(Supplied records)

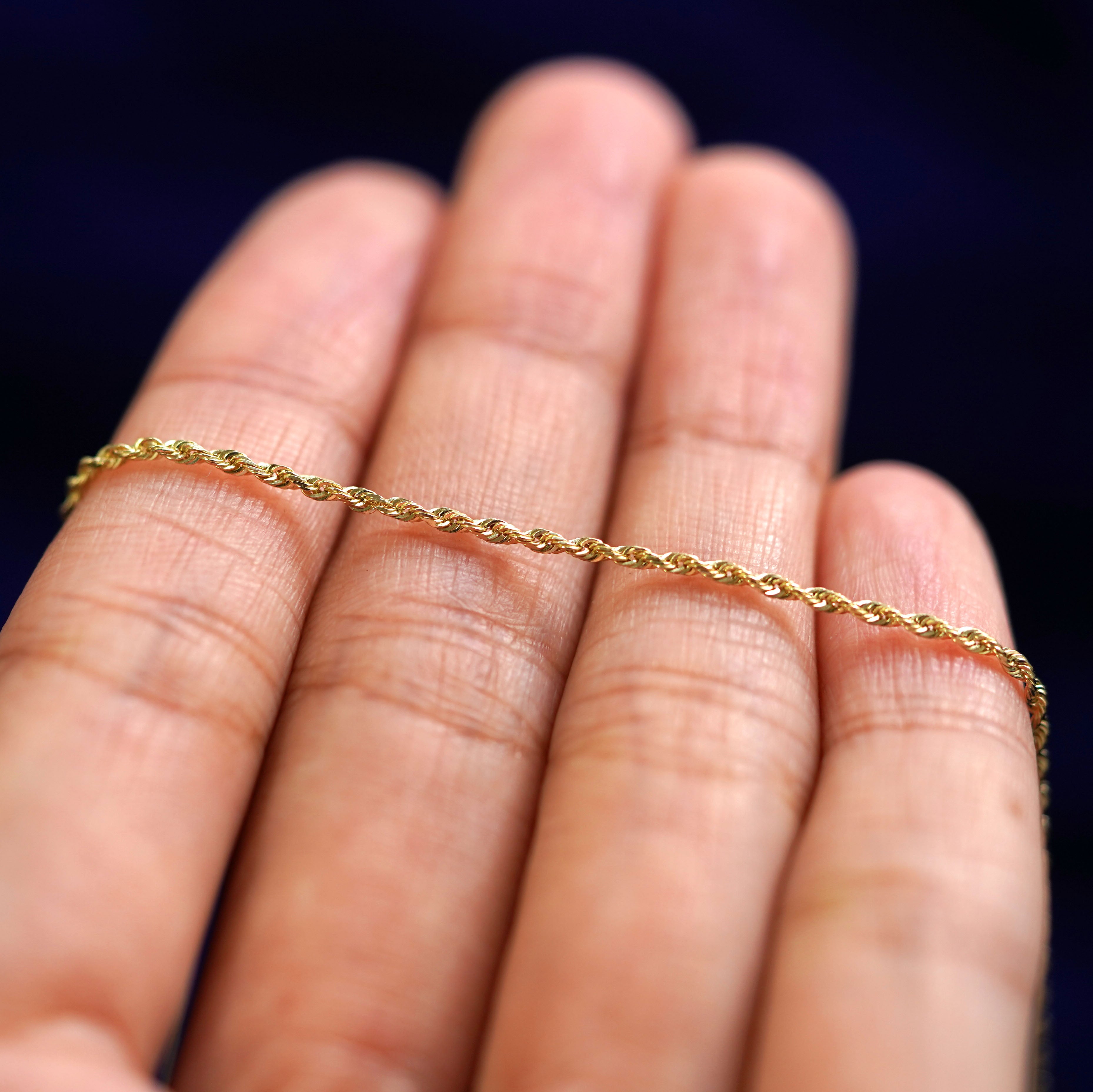 A timeless design and gorgeous shine make this rope chain anklet the perfect staple piece to add to your jewelry collection. This solid gold ankle bracelet is perfect for every event and every outfit.
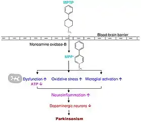 - ↑ Rodriguez-Pallares, J.; Parga, J. A.; Muñoz, A.; Rey, P.; Guerra, M. J.; Labandeira-Garcia, J. L. (2007-06-15). "Mechanism of 6-hydroxydopamine neurotoxicity: the role of NADPH oxidase and microglial activation in 6-hydroxydopamine-induced degeneration of dopaminergic neurons". Journal of Neurochemistry. 103 (1): 070615193023005––. doi:10.1111/j.1471-4159.2007.04699.x. ISSN 0022-3042. PMID 17573824. S2CID 20714033.
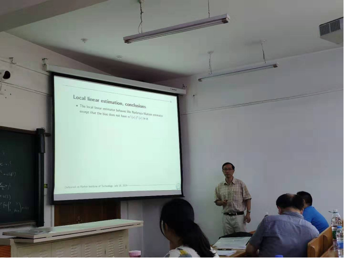 受国家外专局(国家重大科技专项外国人才引进计划,项目编码:110000202120180027)和哈工大国际合作部资助,应威廉官网中国官方网站田波平教授邀请,清华大学统计学研究中心杨立坚教授于2019年7月15日至7月19日来哈工大威廉官网中国官方网站进行了成功的学术访问,围绕非参数统计、核密度估计(Kernel)与局部多项式密度估计开展系列学术报告和学术讲座并与我院师生进行了多次学术交流活动。
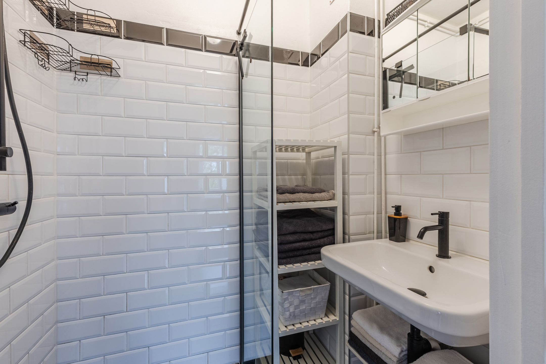 • Neat bathroom with sink and walk-in shower
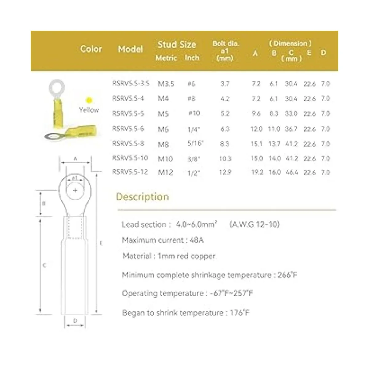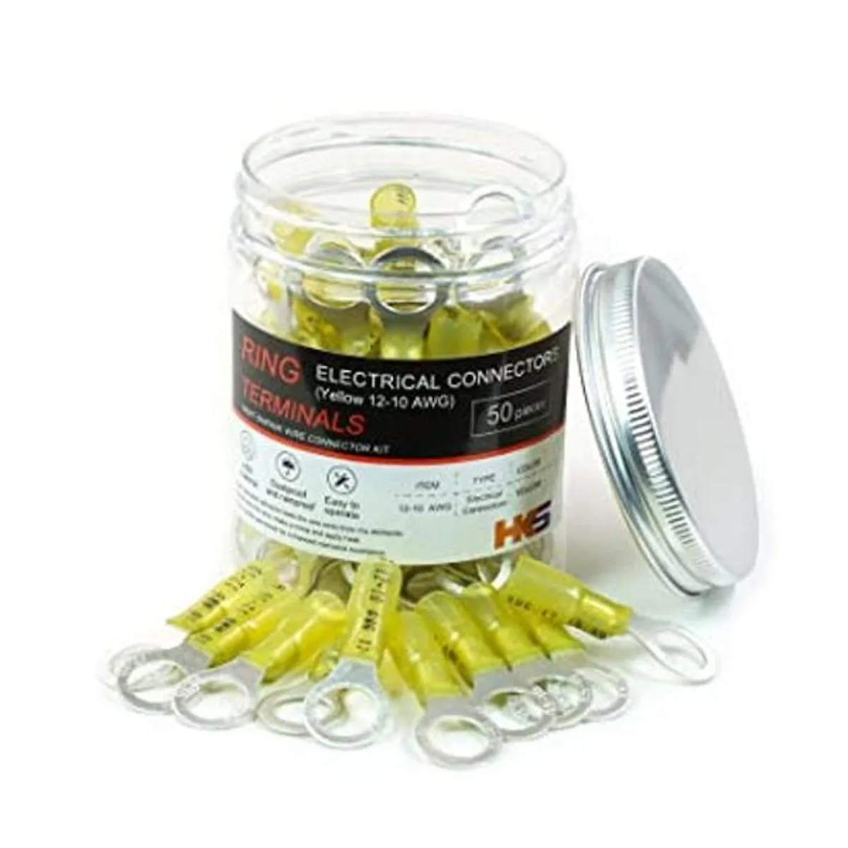 HKS 50 terminales de anillo de 38 pulgadas, amarillo, 1210 AWG, M10, conectores eléctricos, kit de conectores de cable termoencogible, cobre rojo estañado, conectores de anillo marino automotriz, impermeables y aislados

(End Supplied records)

What you are asked to do - Here the job is to retype exactly the lines that start at the one containing "受国家外专局(国家重大科技专" and run through the end of the records above, leaving out pictures.

Expected answer -
 受国家外专局(国家重大科技专项外国人才引进计划,项目编码:110000202120180027)和哈工大国际合作部资助,应威廉官网中国官方网站田波平教授邀请,清华大学统计学研究中心杨立坚教授于2019年7月15日至7月19日来哈工大威廉官网中国官方网站进行了成功的学术访问,围绕非参数统计、核密度估计(Kernel)与局部多项式密度估计开展系列学术报告和学术讲座并与我院师生进行了多次学术交流活动。
 • Neat bathroom with sink and walk-in shower
 HKS 50 terminales de anillo de 38 pulgadas, amarillo, 1210 AWG, M10, conectores eléctricos, kit de conectores de cable termoencogible, cobre rojo estañado, conectores de anillo marino automotriz, impermeables y aislados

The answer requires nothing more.